Se não cuidarmos do planeta como um todo, podemos submetê-lo a graves riscos de destruição de partes da biosfera e, no seu termo, inviabilizar a própria vida no planeta.
 
Ecologia social
A segunda _a ecologia social_ não quer apenas o meio ambiente. Quer o ambiente inteiro. Insere o ser humano e a sociedade dentro da natureza. Preocupa-se não apenas com o embelezamento da cidade, com melhores avenidas, com praças ou praias mais atrativas. Mas prioriza o saneamento básico, uma boa rede escolar e um serviço de saúde decente. A injustiça social significa uma violência contra o ser mais complexo e singular da criação que é o ser humano, homem e mulher. Ele é parte e parcela da natureza.
A ecologia social propugna por um desenvolvimento sustentável. É aquele em que se atende às carências básicas dos seres humanos hoje sem sacrificar o capital natural da Terra e se considera também as necessidades das gerações futuras que têm direito à sua satisfação e de herdarem uma Terra habitável com relações humanas minimamente justas.
Mas o tipo de sociedade construída nos últimos 400 anos impede que se realize um desenvolvimento sustentável. É energívora, montou um modelo de desenvolvimento que pratica sistematicamente a pilhagem dos recursos da Terra e explora a força de trabalho.
No imaginário dos pais fundadores da sociedade moderna, o desenvolvimento se movia dentro de dois infinitos: o infinito dos recursos naturais e o infinito do desenvolvimento rumo ao futuro. Esta pressuposição se revelou ilusória. Os recursos não são infinitos. A maioria está se acabando, principalmente a água potável e os combustíveis fósseis. E o tipo de desenvolvimento linear e crescente para o futuro não é universalizável. Não é, portanto, infinito. Se as famílias chinesas quisessem ter os automóveis que as famílias americanas têm, a China viraria um imenso estacionamento. Não haveria combustível suficiente e ninguém se moveria.
Carecemos de uma sociedade sustentável que encontra para si o desenvolvimento viável para as necessidades de todos. O bem-estar não pode ser apenas social, mas tem de ser também sociocósmico. Ele tem que atender aos demais seres da natureza, como as águas, as plantas, os animais, os microorganismo, pois todos juntos constituem a comunidade planetária, na qual estamos inseridos, e sem os quais nós mesmos não viveríamos.
 
Ecologia mental
A terceira, a ecologia mental, chamada também de ecologia profunda, sustenta que as causas do déficit da Terra não se encontram apenas no tipo de sociedade que atualmente temos. Mas também no tipo de mentalidade que vigora, cujas raízes alcançam épocas anteriores à nossa história moderna, incluindo a profundidade da vida psíquica humana consciente e inconsciente, pessoal e arquetípica.

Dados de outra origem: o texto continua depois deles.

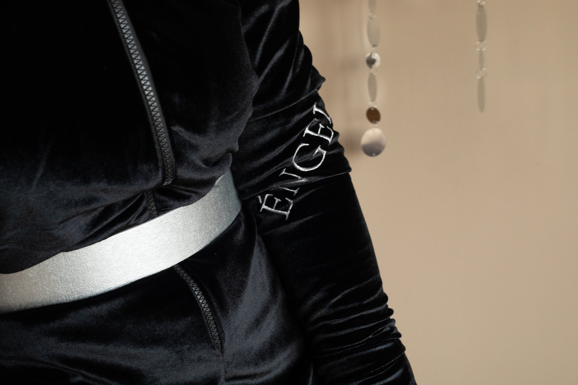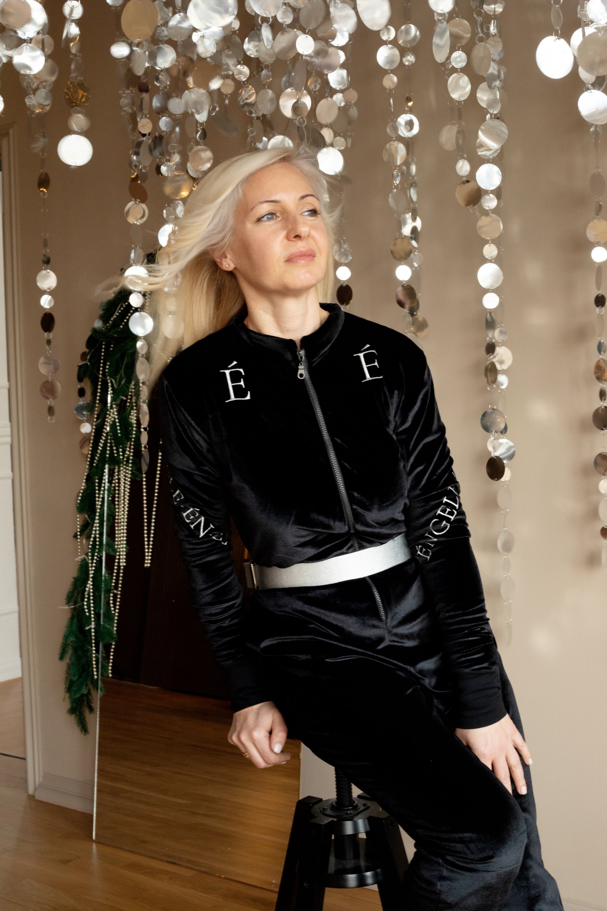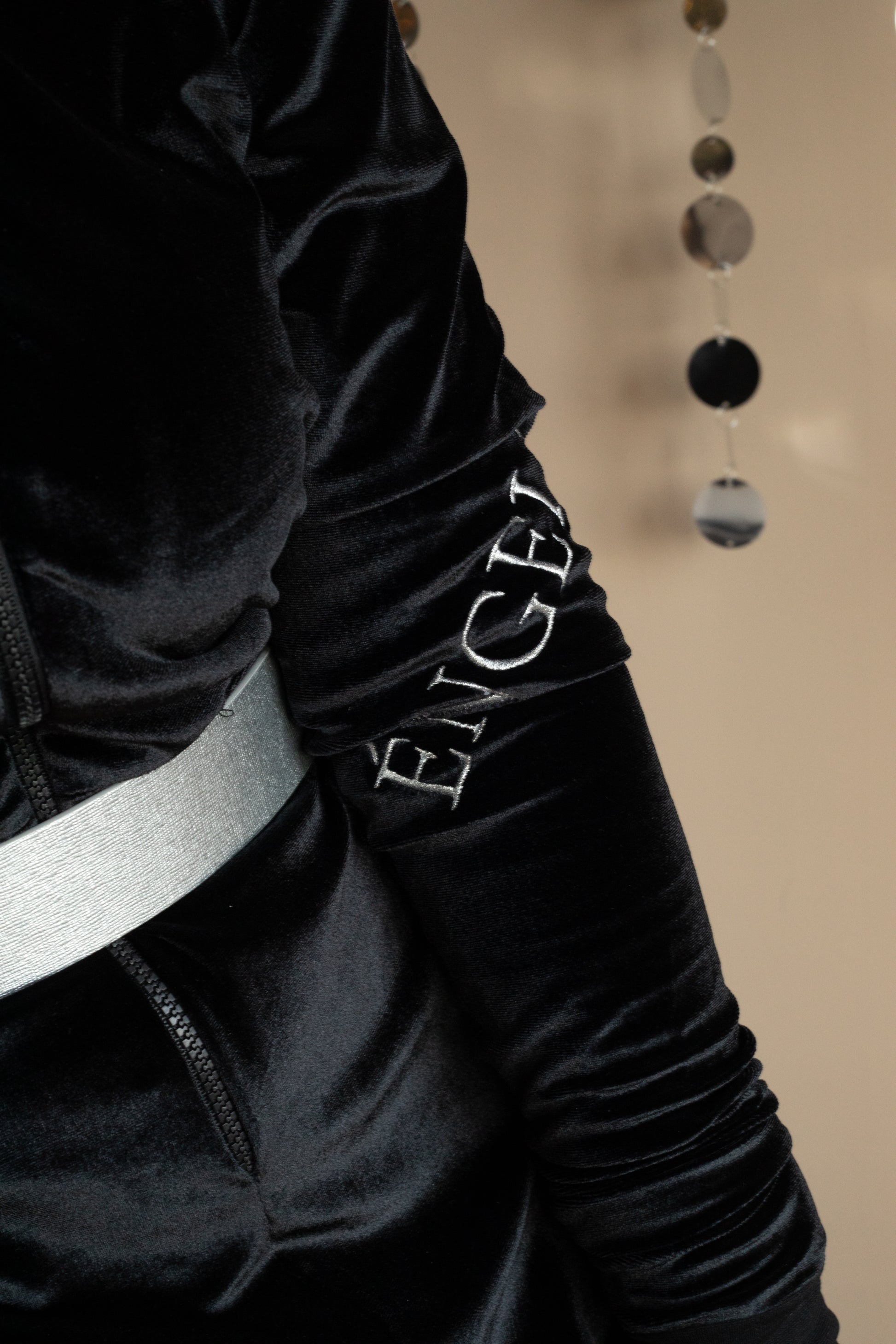 Гащеризонът Noir въплъщава непринудена изтънченост с модерна и уверен визия. Изработен от меко черен кадифе, той следва тялото с гладък, елегантен силует, като същевременно предлага изключителен комфорт. Дизайнът с цип отпред добавя фин спортен акцент, балансиран от луксозната текстура на плата. Красивите бродерии в сребристо - ÉNGELE, издигат изработката, създавайки отличително, но семпло изявление. Проектиран да преминава плавно от спокойни моменти към изискан стил, този гащеризон улавя същността на съвременната елегантност с нотка на смела женственост.

Há em nós instintos de violência, vontade de dominação, arquétipos sombrios que nos afastam da benevolência em relação à vida e à natureza. Aí dentro da mente humana se iniciam os mecanismos que nos levam a uma guerra contra a Terra. Eles se expressam por uma categoria: a nossa cultura antropocêntrica. O antropocentrismo considera o ser humano rei/rainha do universo. Pensa que os demais seres só têm sentido quando ordenados ao ser humano; eles estão aí disponíveis ao seu bel-prazer. Esta estrutura quebra com a lei mais universal do universo: a solidariedade cósmica. Todos os seres são interdependentes e vivem dentro de uma teia intrincadíssima de relações. Todos são importantes.
Não há isso de alguém ser rei/rainha e considerar-se independente sem precisar dos demais. A moderna cosmologia nos ensina que tudo tem a ver com tudo em todos os momentos e em todas as circunstâncias. O ser humano esquece esta realidade. Afasta-se e se coloca sobre as coisas em vez de sentir-se junto e com elas, numa imensa comunidade planetária e cósmica. Importa recuperarmos atitudes de respeito e veneração para com a Terra.
Isso somente se consegue se antes for resgatada a dimensão do feminino no homem e na mulher. Pelo feminino o ser humano se abre ao cuidado, se sensibiliza pela profundidade misteriosa da vida e recupera sua capacidade de maravilhamento. O feminino ajuda a resgatar a dimensão do sagrado. O sagrado impõe sempre limites à manipulação do mundo, pois ele dá origem à veneração e ao respeito, fundamentais para a salvaguarda da Terra. Cria a capacidade de re-ligar todas as coisas à sua fonte criadora que é o Criador e o Ordenador do universo. Desta capacidade re-ligadora nascem todas as religiões. Precisamos hoje revitalizar as religiões para que cumpram sua função religadora.
 
Ecologia integral
Por fim, a quarta - a ecologia integral - parte de uma nova visão da Terra. É a visão inaugurada pelos astronautas a partir dos anos 60 quando se lançaram os primeiros foguetes tripulados. Eles vêem a Terra de fora da Terra. De lá, de sua nave espacial ou da Lua, como testemunharam vários deles, a Terra aparece como resplandecente planeta azul e branco que cabe na palma da mão e que pode ser escondido pelo polegar humano.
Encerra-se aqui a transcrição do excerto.